Big Tech in China Developing Smart Glasses

Innovation in the Tech Industry: A Look at Smart Glasses Development

In recent years, there has been a notion online that Apple’s innovation capability is declining, along with its ability to drive the industry forward. This has led domestic smartphone manufacturers in China to step up their game in developing unique features. For example, this year, several top Chinese manufacturers will equip their flagship devices with satellite communication capabilities, a feature that is unlikely to be present in the Chinese version of the iPhone 16. But does this mean Apple has lost its ability to innovate and propel industry development, as some online discussions suggest?

Certainly not. Apple always aims to excel when it enters the market. The Vision Pro is a prime example of this. Despite some industry giants like Elon Musk and Mark Zuckerberg expressing doubts about Vision Pro, the product has already reached a point where demand exceeds supply due to its appeal to the general users.

Prominent Chinese leakers hinted that major Chinese smartphone manufacturers are working on developing smart glasses similar to Apple’s Vision Pro.


Although not explicitly mentioned, it is clear that only a few familiar companies in China qualify as major smartphone manufacturers.

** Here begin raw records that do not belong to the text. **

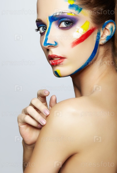 Молодая художница с акриловой краской на лице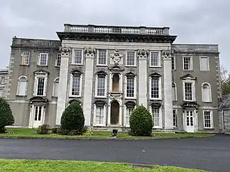 The main house is an eleven-bay three-storey building and appears to have been built sometime after 1710. Edward Lovett Pearce is said to have added the southern face around 1726-27 while Allesandro Gallilei likely also had some input. The later elements include the striking Portland stone features including corinthian pilasters and platband which contrast with other darker calp stone and granite used in construction.[10]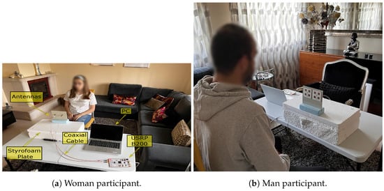 Given the absence of a public dataset encompassing a broad range of subjects’ stature variability, it was necessary for us to gather a substantial dataset of vital signs. This study received approval from the Ethics and Deontology Committee of the University of Aveiro, Portugal (No. 29-CED/2021), and was conducted in accordance with the Declaration of Helsinki. Informed consent was obtained from all participants. The data collection took place in a single unaltered environment: an 18 square meter room. The setup involved the Bio-Radar system described earlier, positioned on a plastic table. Styrofoam plates were utilized to adjust the height of the antennas to match the stature of the subject being tested. Figure 5 provides an example of the setup with two volunteers—a woman (Figure 5a) and a man (Figure 5b). The data collection involved 92 subjects (46 males and 46 females) aged between 18 and 50 years old with Body Mass Index (BMI) values ranging from 17.5 to 40 kg/m2 and Chest Wall Perimeter (CWP) measurements between 77 and 129.5 cm.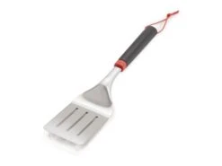 Probleemloos keren van burgers en steaks van de barbecue halen met deze roestvrijstalen spatel. Deze essentiële barbecue-accessoire is lang genoeg om je hand ver weg te houden van de warmte en is vaatwasserbestendig.

Huawei has been rumored to be developing Vision glasses. Other potential contenders could include Xiaomi, OPPO, Vivo, and Honor. The question now is how their products and capabilities stack up against Apple’s Vision Pro.

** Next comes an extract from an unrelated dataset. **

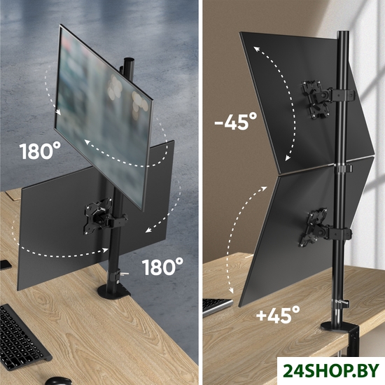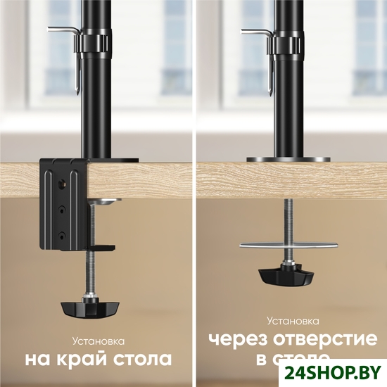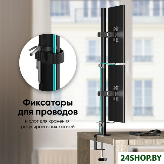 - Функциональные особенности: поворотный, с регулировкой высоты, кабель-канал, струбцинное крепление

While smart glasses are not entirely novel, reaching the level of Apple’s Vision Pro is quite challenging. Firstly, the initial production volume is expected to be low (at least for the first generation), leading to high component procurement costs. This, in turn, will raise other costs such as design, manufacturing, labor, and ecosystem development. Even for a supply chain powerhouse like Apple, making the first generation of Vision Pro profitable is a challenge. Whether Chinese manufacturers can bear the high initial costs remains to be seen.

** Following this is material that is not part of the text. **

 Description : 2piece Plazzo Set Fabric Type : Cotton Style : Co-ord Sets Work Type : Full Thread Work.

The most significant challenge lies not in hardware costs but in rapidly advancing software ecosystems. If users find a lack of compelling content after purchasing the product out of interest initially, they may end up leaving the product idle. This could create a perception of the product being “no good,” making it much more expensive to rekindle their interest.

Another crucial aspect is pricing. Apple’s Vision Pro can command such high prices due to its high technological content and brand premium. Even selling at such a high price, Apple is still not making a profit. Conversely, Chinese manufacturers developing smart glasses following Apple’s footsteps are unlikely to price their products as high. To balance costs, they may have to rely on volume sales, which could potentially compromise the technological content compared to Apple’s Vision Pro. Balancing user attraction with a reasonable price tag poses a significant challenge.


If a large number of domestic smart glasses flood the market in the future, do you think they can outperform Apple’s Vision Pro?